Problem to work on →
The output should be the listing below, limited to the lines from the one with "기본으로 생성된 Network" through the one with "2024年4月17日07时3", exact and without pictures.

Records to process →

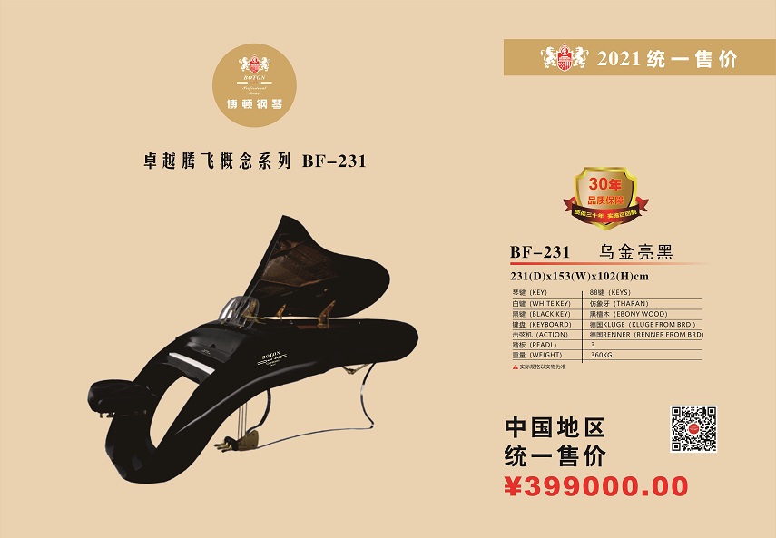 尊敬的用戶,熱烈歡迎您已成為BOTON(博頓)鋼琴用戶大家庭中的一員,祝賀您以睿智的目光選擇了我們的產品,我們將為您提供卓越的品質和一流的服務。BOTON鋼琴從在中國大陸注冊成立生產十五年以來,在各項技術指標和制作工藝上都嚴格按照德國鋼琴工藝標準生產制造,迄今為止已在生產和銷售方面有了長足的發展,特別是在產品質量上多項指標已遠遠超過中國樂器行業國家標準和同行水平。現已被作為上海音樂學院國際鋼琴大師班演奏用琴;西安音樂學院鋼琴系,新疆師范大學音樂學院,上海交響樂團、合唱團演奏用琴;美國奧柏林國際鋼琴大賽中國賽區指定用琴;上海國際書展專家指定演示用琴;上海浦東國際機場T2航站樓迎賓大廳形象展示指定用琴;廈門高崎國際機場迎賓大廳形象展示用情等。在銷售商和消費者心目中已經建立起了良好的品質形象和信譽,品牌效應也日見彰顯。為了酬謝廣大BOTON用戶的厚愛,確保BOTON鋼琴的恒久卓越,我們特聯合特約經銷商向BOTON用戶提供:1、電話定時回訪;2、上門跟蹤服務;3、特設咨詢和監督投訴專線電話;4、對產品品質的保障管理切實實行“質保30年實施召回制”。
...
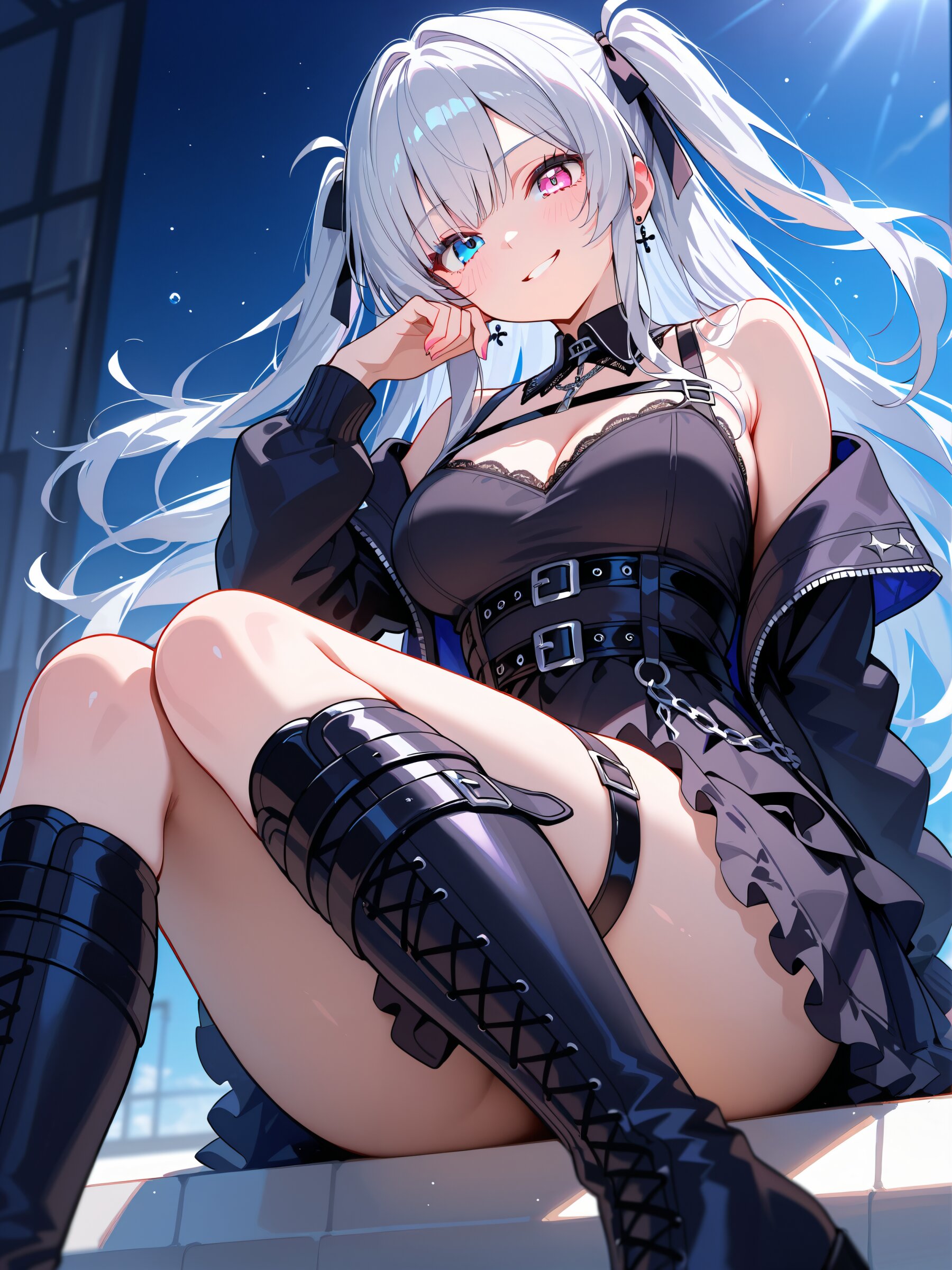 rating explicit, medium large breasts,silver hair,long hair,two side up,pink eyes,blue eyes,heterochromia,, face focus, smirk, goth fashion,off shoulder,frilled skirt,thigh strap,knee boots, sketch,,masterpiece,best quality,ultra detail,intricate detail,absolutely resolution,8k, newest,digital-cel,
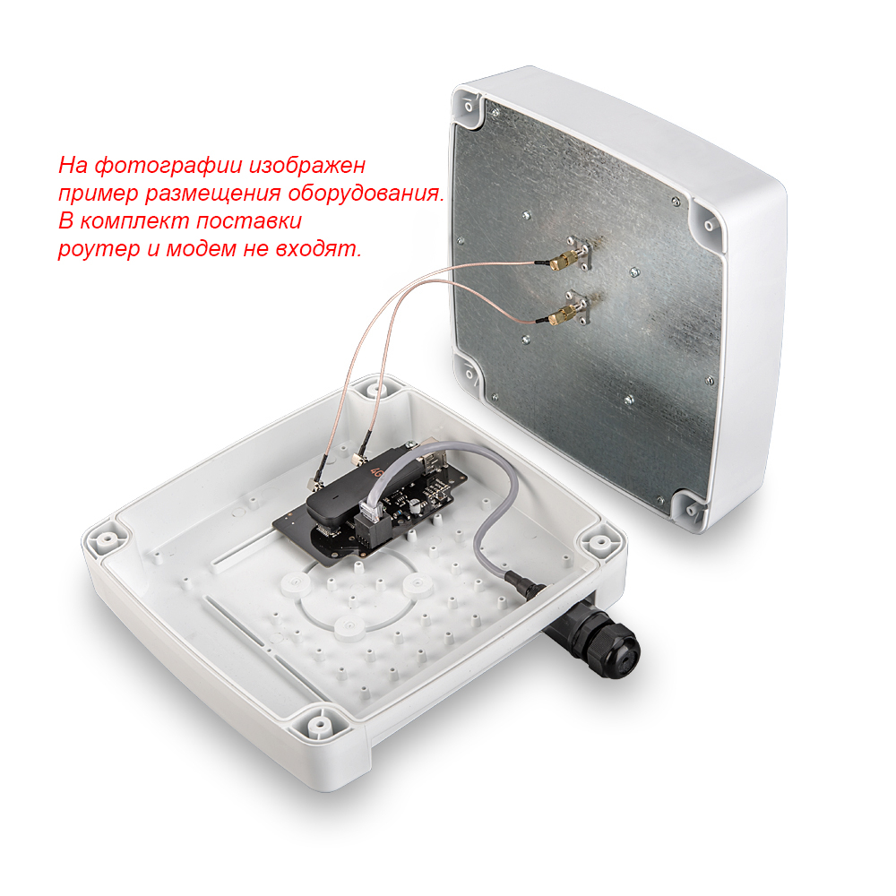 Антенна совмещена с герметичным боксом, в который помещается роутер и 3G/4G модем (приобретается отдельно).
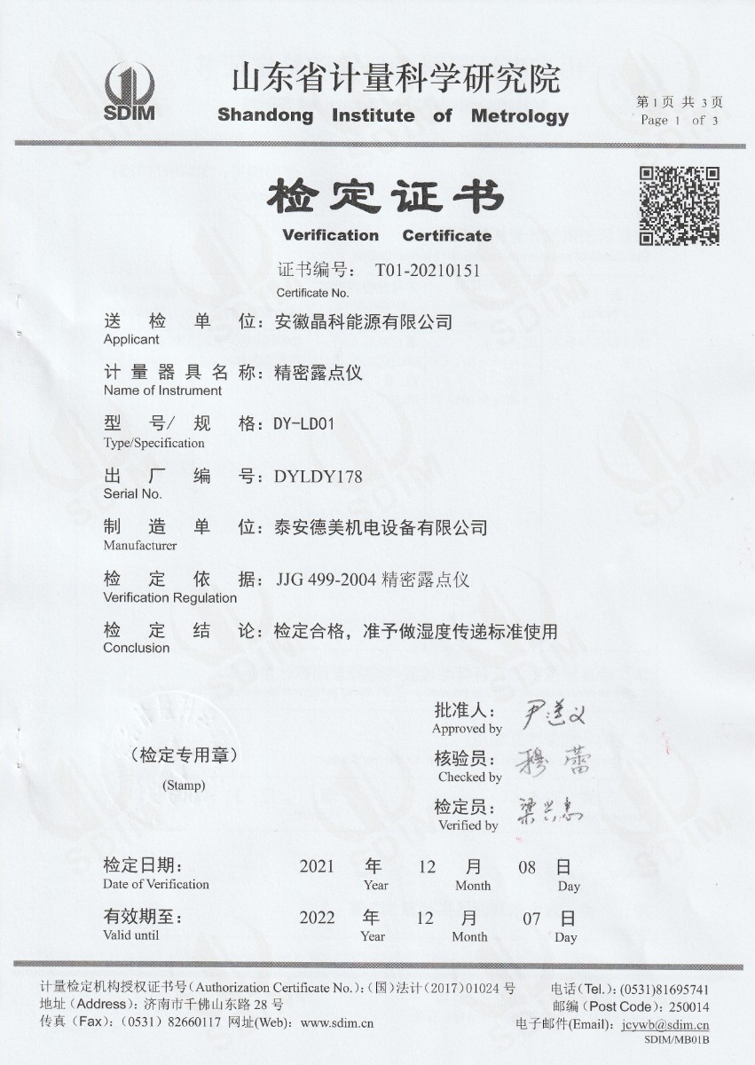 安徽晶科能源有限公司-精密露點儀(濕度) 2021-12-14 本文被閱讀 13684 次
---
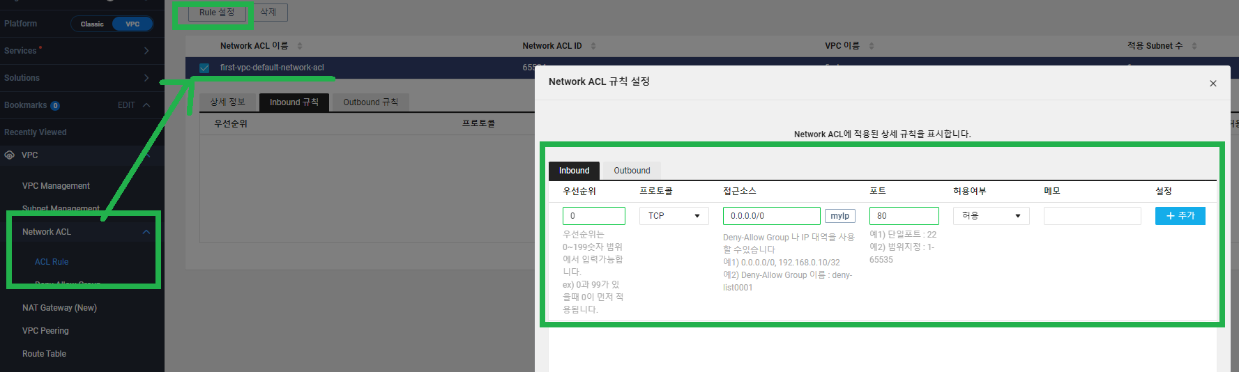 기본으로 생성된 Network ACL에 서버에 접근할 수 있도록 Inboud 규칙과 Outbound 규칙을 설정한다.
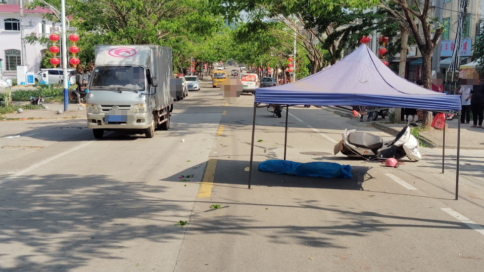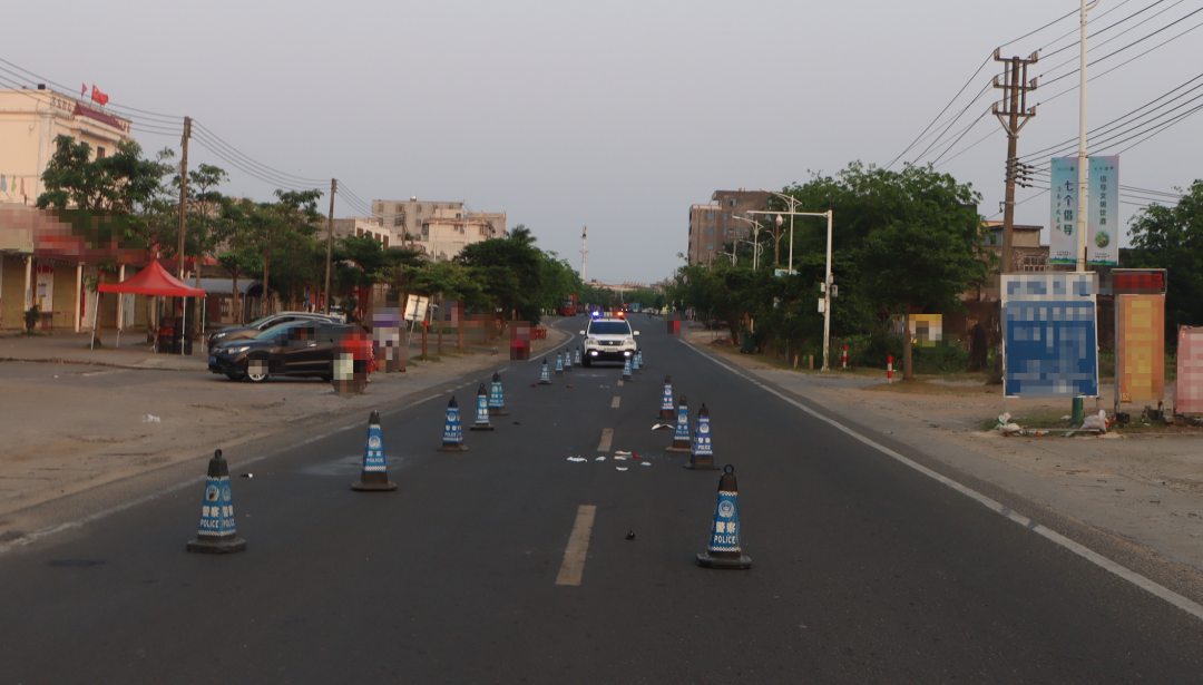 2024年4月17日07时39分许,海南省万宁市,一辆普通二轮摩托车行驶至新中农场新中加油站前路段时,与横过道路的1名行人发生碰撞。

Answer to this exercise →
 기본으로 생성된 Network ACL에 서버에 접근할 수 있도록 Inboud 규칙과 Outbound 규칙을 설정한다.
 2024年4月17日07时39分许,海南省万宁市,一辆普通二轮摩托车行驶至新中农场新中加油站前路段时,与横过道路的1名行人发生碰撞。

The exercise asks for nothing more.